(What you need to do): Would you please output, word for word, the span of the listing below that opens on the line containing "ضد آفتاب بی" and closes on the line containing "10. 锅中留下底油 多余的油倒出留作它用 加热放入葱姜蒜片 炒出香味"? Include both ends and nothing more.

(Exercise data):
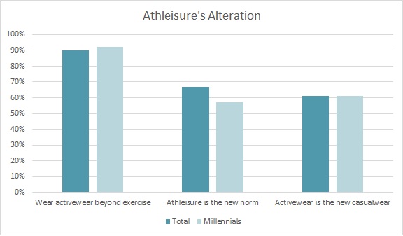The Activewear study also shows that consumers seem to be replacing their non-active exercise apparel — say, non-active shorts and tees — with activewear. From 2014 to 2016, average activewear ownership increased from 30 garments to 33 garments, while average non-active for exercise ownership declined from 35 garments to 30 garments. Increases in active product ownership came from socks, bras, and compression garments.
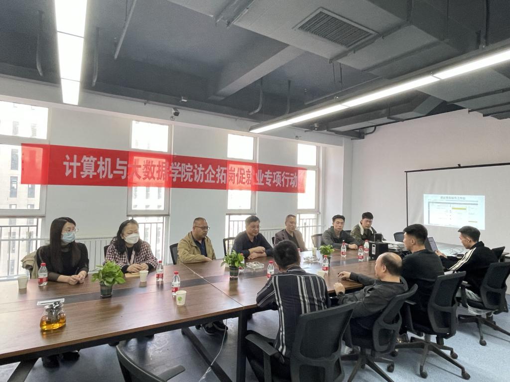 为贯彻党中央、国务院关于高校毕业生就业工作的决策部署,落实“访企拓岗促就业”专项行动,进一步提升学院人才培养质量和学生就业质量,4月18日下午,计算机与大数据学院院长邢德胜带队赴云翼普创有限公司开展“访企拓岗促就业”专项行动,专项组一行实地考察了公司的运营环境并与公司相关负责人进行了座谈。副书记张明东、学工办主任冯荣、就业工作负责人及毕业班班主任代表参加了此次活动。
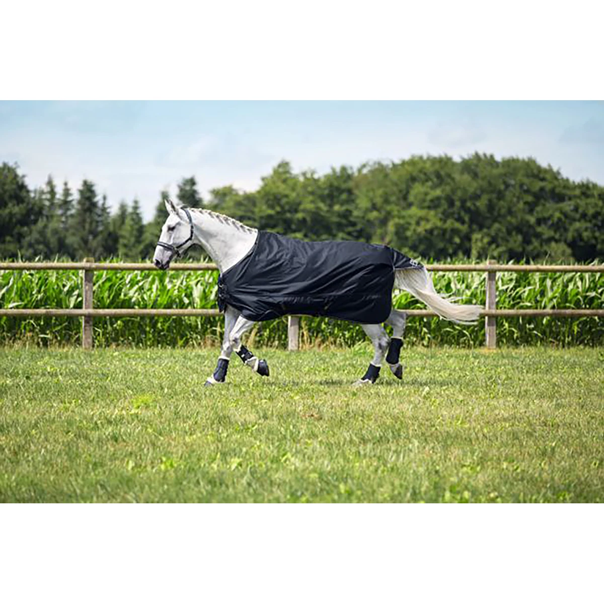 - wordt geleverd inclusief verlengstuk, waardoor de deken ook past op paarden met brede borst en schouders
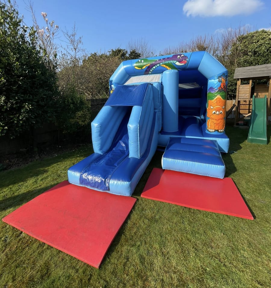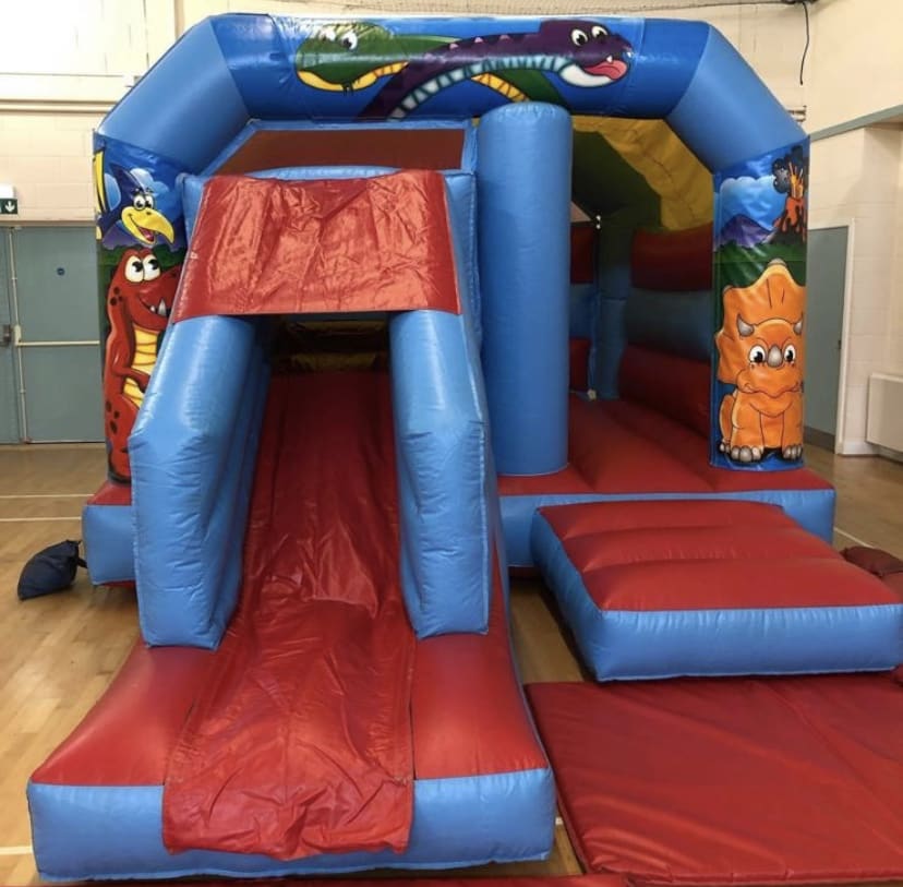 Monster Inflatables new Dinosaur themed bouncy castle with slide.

==

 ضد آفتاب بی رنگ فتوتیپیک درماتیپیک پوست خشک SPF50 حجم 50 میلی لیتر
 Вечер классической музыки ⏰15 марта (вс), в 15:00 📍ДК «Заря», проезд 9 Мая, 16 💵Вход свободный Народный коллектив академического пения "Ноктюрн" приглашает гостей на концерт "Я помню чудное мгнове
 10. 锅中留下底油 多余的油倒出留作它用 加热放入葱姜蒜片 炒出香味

(Answer to the exercise):
 ضد آفتاب بی رنگ فتوتیپیک درماتیپیک پوست خشک SPF50 حجم 50 میلی لیتر
 Вечер классической музыки ⏰15 марта (вс), в 15:00 📍ДК «Заря», проезд 9 Мая, 16 💵Вход свободный Народный коллектив академического пения "Ноктюрн" приглашает гостей на концерт "Я помню чудное мгнове
 10. 锅中留下底油 多余的油倒出留作它用 加热放入葱姜蒜片 炒出香味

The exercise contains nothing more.